Notice that the big boy (e.g. eBay, amazon.com, yahoo, bbc) web applications actually deliver separate apps in each language they want to support. Each of these web applications do consume a common core set of services. Don't be surprised if the business needs of two different countries that even speak the same language (e.g. UK & US) are different enough that you do need a separate app for each.
On the other hand, you might need to become like the next amazon.com. It's difficult to deliver a successful web application in one language, much less many. You should not be afraid to favor one user population (say, your Asian-language speakers) over others if this makes sense for your web app's business needs.
Go slow.
Think everything through, then really think about what you're doing again. Bear in mind that the more you add (like Right to Left) the longer your QA cycle will be.
The primary piece to your puzzle will be extensive use of interfaces on the code side, and either one data source that gets passed through a translator to whichever languages need to be supported, or separate data sources for each language.
The time issues can be handled by the interfaces, because presumably you will want things to function in the same fashion, but differ in the implementation details.

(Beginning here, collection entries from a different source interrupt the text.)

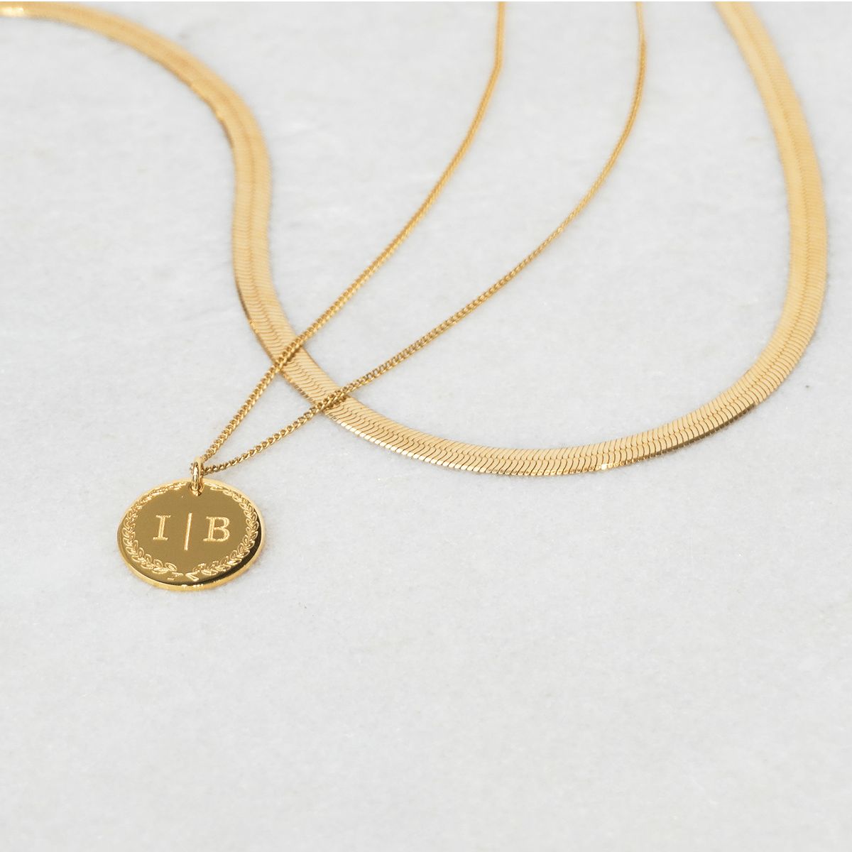 Wij zijn fan van het layeren en stacken van onze kettingen, daarom hebben wij een Stack Your Coin Set toegevoegd. Onze bestseller in een set! Combineer de Initial Coin Ketting met de Lizzy Herringbone Ketting en je outfit is helemaal compleet. Personaliseer de Initial Coin Ketting met 1 t/m 4 initialen van jou of je dierbaren en vergeet niet de achterkant eigen te maken door middel van een tekst of vingerafdruk.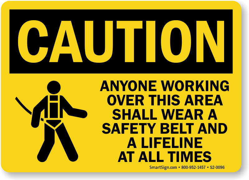 An OSHA Caution Sign effectively indicates the necessity to wear a safety belt and a lifeline over an unprotected area.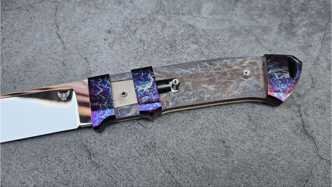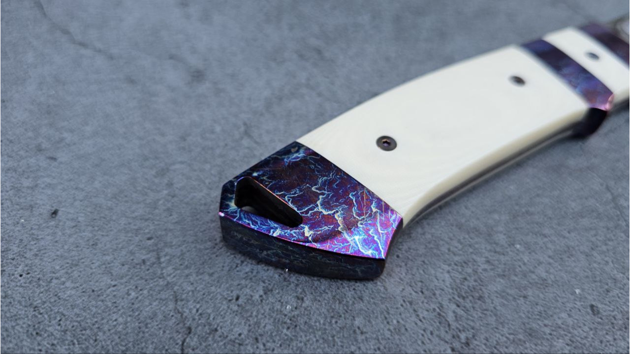 Матеріал руків'я: Больстер і  металеві проставки з оксидованого титану та мікарти. Рукоятка повністю розбирається. Клинок можна витягнути, можна замінити на інший
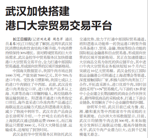 長江日報記者了解到,近兩年武漢居民消費結(jié)構(gòu)和飲食結(jié)構(gòu)不斷升級,牛肉消費持續(xù)保持30%增長。面對跨境貿(mào)易的巨大市場需求,武漢金控華中貿(mào)易服務(wù)區(qū)加快搭建港口大宗貿(mào)易交易平臺,全力打通中部國際貿(mào)易通道,形成面向世界的區(qū)域開放新格局。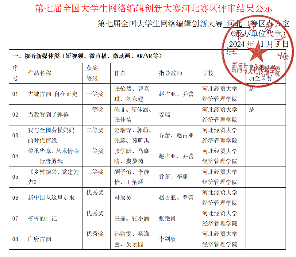 全国大学生网络编辑创新大赛由中国编辑学会主办,旨在展示我国大学生数字创意策划、网络内容编辑、新媒体运营和媒体新技术应用的成果,促进数字、文化与科技的融合创新及成果转化应用,已然成为我国重要的创新成果展示、交流、转化及创新人才甄选的平台。经专家评审,文法系推送的《古城古韵,自在正定》和《当我看到了弹幕》分别荣获视听新媒体类一等奖、二等奖并推荐参加国赛,《我与全国劳模妈妈的时代情缘》荣获二等奖,《传承华章,艺术情牵——行唐剪纸》和《乡村振兴,党建为先》荣获三等奖,《新中国从这里走来》、《爷爷的日记》和《广府古韵》荣获优秀奖。

To a large extent, a similar thought process can be applied to the creation of the interface when adjusting it to support differing languages. When you get down to it, skinning is exactly this, where the content being skinned is the interface, and the look/feel is the implementation.
Do what your users need. For instance, most programmer understand English, there is no sense to translate posts on this site. If many of your users need a translation, add a new table column with the language id, and another column to link a translated row to its original. If your target auditory contains the users from the Middle East, implement Right to Left. If time precision is critical up to an hour, add a time zone column to the user table, and so on.
If you're on *NIX, use gettext. Most languages I've used have some level of support; PHP's is pretty good, for instance.
I'll describe what has been done in my project (it wasn't my original architecture but I liked it anyways)
Providing Translation Support
Text which needs to be translated have been divided into three different categories:
Error text: Like errors which happen deep in the application business layer
UI Text: Text which is shown in the User interface (labels, buttons, grid titles, menus)
User-defined Text: text which needs to be translatable according to the final user's preferences (that is - the user creates a question in a survey and he can also create a translated version of that survey)
For each different cathegory the schema used to provide translation service is different - so that we have:
Error Text: A library with static functions which access resource files
UI Text: A "Helper" class which, linked to the view engine, provides translations from remote assemblies
User-defined Text: A table in the database which provides translations (according to typeID of the translated entity and object id) and is linked to the entity via a 1 x N relationship
I haven't, however, attacked the other obvious problems such as dealing with time zones, different layouts and picture translation (if this is really necessary). Does anyone have tackled this problem in a different way?
Has anyone ever tackled the other i18n problems?